Using the entries that follow, transcribe only the lines from the line with "Look at these" to the line with "Das Staatstheater Mainz", both included, exactly as they stand and without pictures.

====== Provided entries

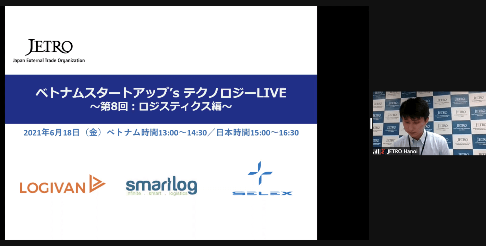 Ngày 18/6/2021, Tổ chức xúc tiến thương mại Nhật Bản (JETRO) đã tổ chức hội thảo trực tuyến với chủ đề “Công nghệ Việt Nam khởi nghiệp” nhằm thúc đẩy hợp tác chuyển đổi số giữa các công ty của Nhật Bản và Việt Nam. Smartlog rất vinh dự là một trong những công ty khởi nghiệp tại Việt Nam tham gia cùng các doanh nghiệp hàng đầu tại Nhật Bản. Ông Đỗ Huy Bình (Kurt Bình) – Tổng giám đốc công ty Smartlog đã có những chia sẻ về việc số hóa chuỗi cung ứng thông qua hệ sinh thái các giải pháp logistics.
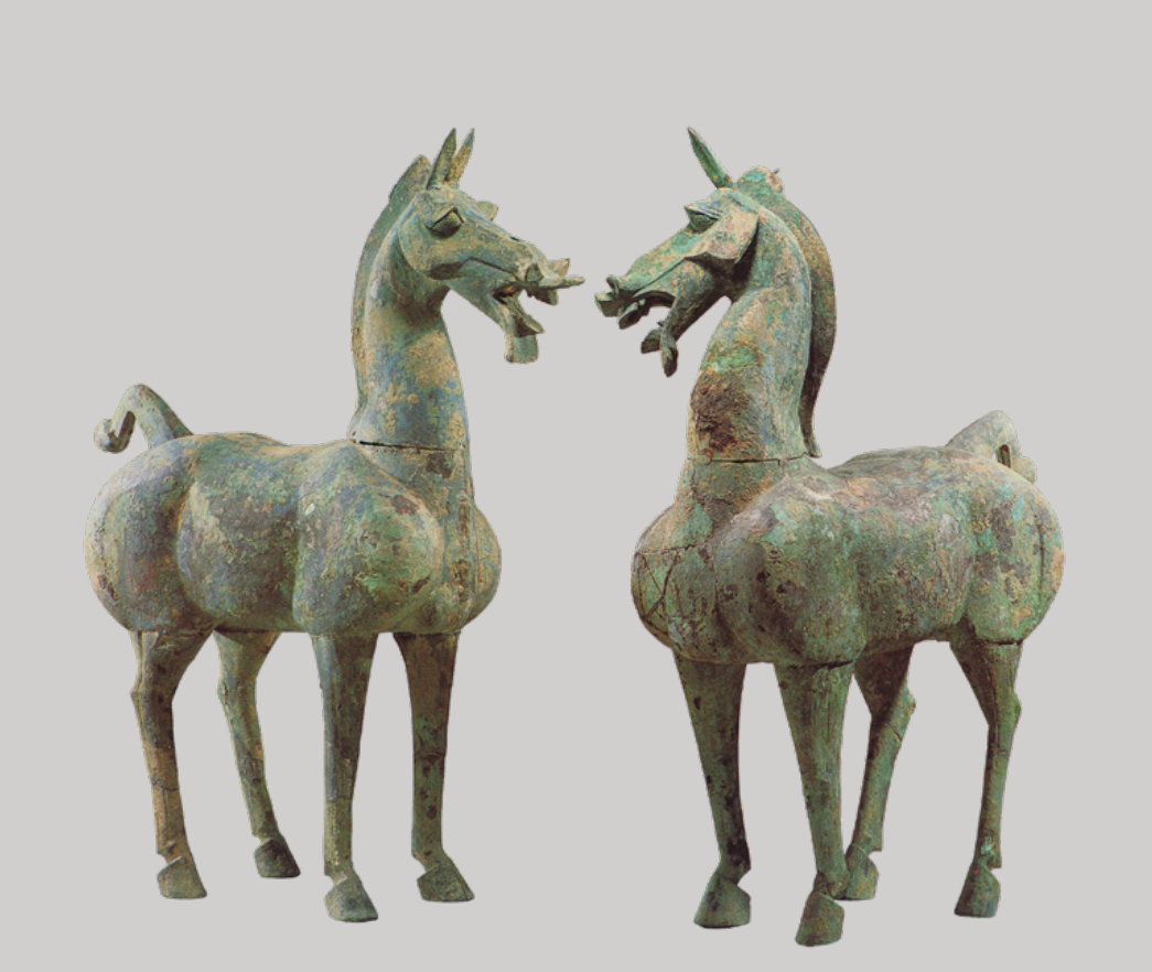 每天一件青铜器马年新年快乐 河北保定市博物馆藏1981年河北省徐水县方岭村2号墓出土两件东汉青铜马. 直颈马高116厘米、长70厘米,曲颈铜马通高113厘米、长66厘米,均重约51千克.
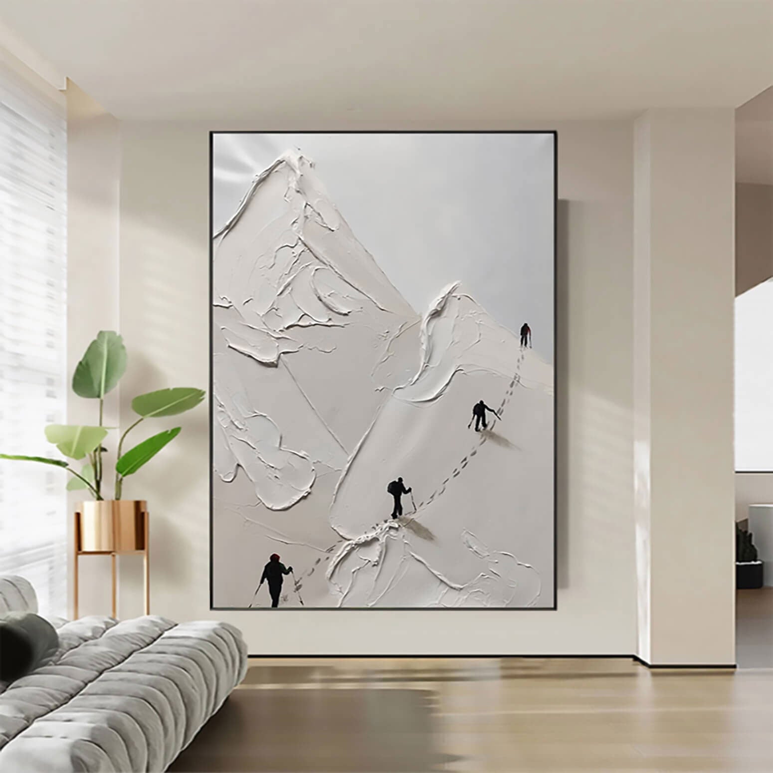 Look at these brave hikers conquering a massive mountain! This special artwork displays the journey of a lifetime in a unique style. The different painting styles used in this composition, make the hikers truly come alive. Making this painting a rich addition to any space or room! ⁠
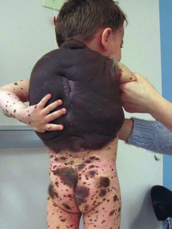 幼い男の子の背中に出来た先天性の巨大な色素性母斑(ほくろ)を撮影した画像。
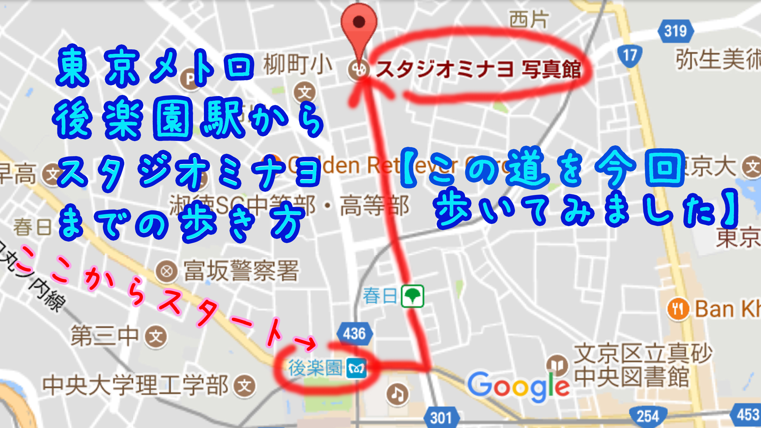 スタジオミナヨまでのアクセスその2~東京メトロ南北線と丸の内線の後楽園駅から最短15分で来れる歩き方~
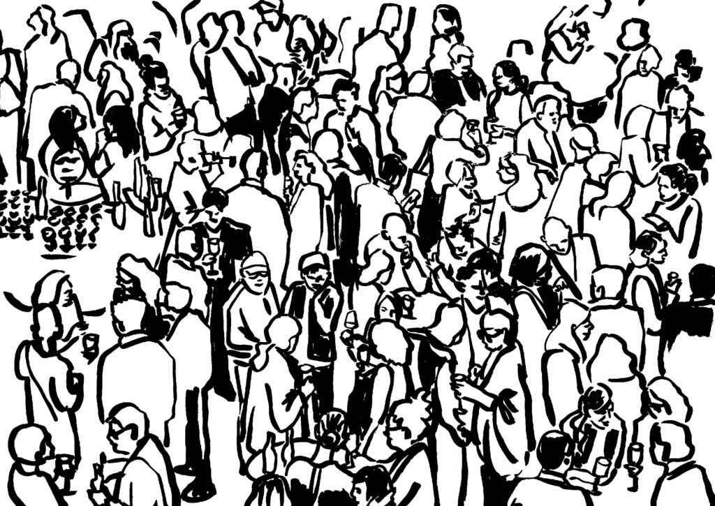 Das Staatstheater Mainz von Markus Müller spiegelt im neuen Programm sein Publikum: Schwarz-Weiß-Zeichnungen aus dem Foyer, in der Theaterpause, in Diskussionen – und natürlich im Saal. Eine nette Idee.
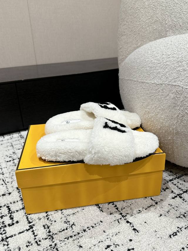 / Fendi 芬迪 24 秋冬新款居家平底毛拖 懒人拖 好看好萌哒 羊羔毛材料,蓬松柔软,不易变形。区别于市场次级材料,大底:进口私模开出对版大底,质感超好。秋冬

============

### Task solution
 Look at these brave hikers conquering a massive mountain! This special artwork displays the journey of a lifetime in a unique style. The different painting styles used in this composition, make the hikers truly come alive. Making this painting a rich addition to any space or room! ⁠
 幼い男の子の背中に出来た先天性の巨大な色素性母斑(ほくろ)を撮影した画像。
 スタジオミナヨまでのアクセスその2~東京メトロ南北線と丸の内線の後楽園駅から最短15分で来れる歩き方~
 Das Staatstheater Mainz von Markus Müller spiegelt im neuen Programm sein Publikum: Schwarz-Weiß-Zeichnungen aus dem Foyer, in der Theaterpause, in Diskussionen – und natürlich im Saal. Eine nette Idee.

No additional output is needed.